WHAT THE TASK ASKS ▸
Exactly reproduce the lines from the one holding "- The pin icon" through the end of the records, including both boundary lines but no pictures.

──────── INPUT RECORDS

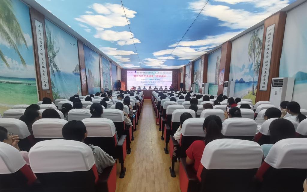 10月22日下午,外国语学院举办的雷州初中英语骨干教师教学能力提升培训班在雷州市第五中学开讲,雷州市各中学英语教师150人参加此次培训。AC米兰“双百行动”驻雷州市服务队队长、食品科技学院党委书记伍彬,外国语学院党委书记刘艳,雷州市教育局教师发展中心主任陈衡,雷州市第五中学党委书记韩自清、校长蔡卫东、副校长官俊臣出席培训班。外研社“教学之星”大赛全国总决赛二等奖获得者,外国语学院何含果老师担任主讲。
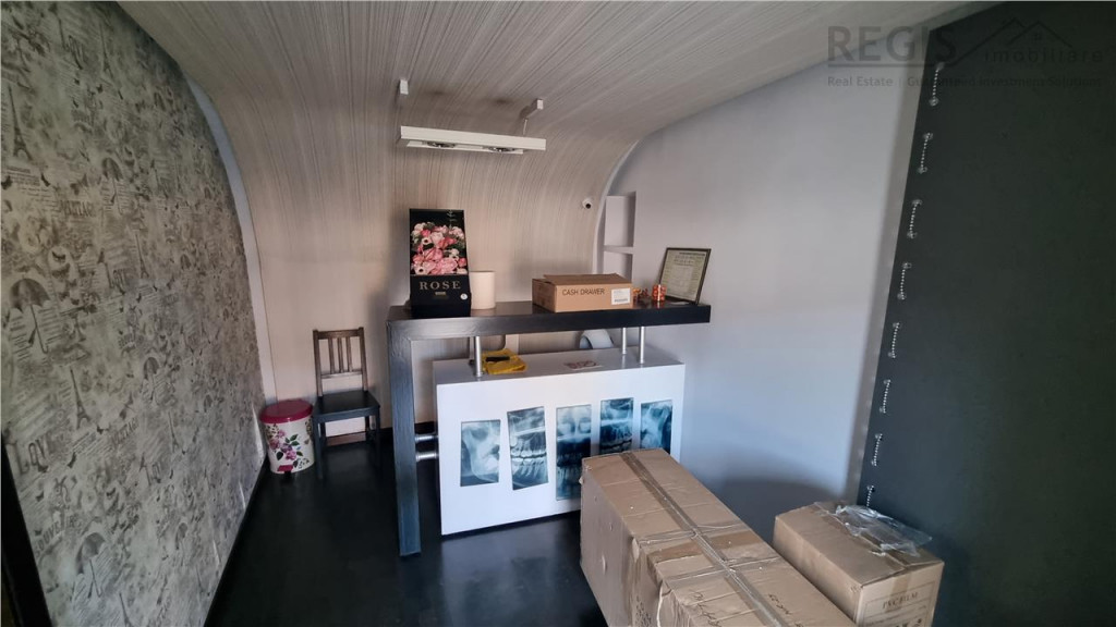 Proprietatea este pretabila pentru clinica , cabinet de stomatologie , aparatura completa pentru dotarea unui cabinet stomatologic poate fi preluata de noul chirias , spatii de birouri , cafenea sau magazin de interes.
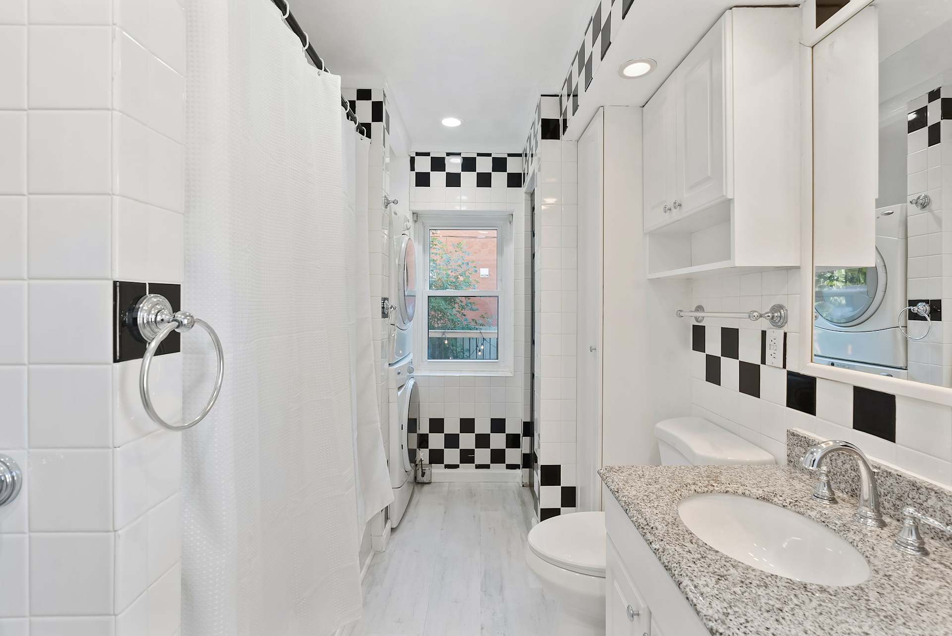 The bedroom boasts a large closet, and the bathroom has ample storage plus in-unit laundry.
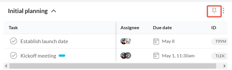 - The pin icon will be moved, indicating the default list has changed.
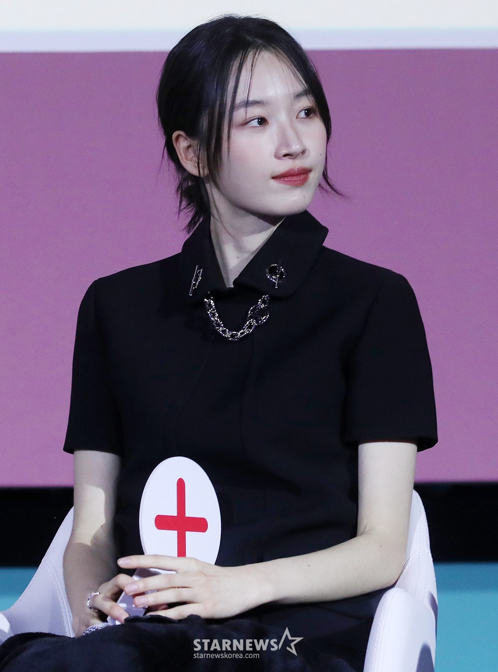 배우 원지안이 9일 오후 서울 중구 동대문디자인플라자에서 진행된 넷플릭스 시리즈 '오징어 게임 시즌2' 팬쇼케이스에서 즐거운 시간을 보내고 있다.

────────────────

WRITTEN SOLUTION ▸
 - The pin icon will be moved, indicating the default list has changed.
 배우 원지안이 9일 오후 서울 중구 동대문디자인플라자에서 진행된 넷플릭스 시리즈 '오징어 게임 시즌2' 팬쇼케이스에서 즐거운 시간을 보내고 있다.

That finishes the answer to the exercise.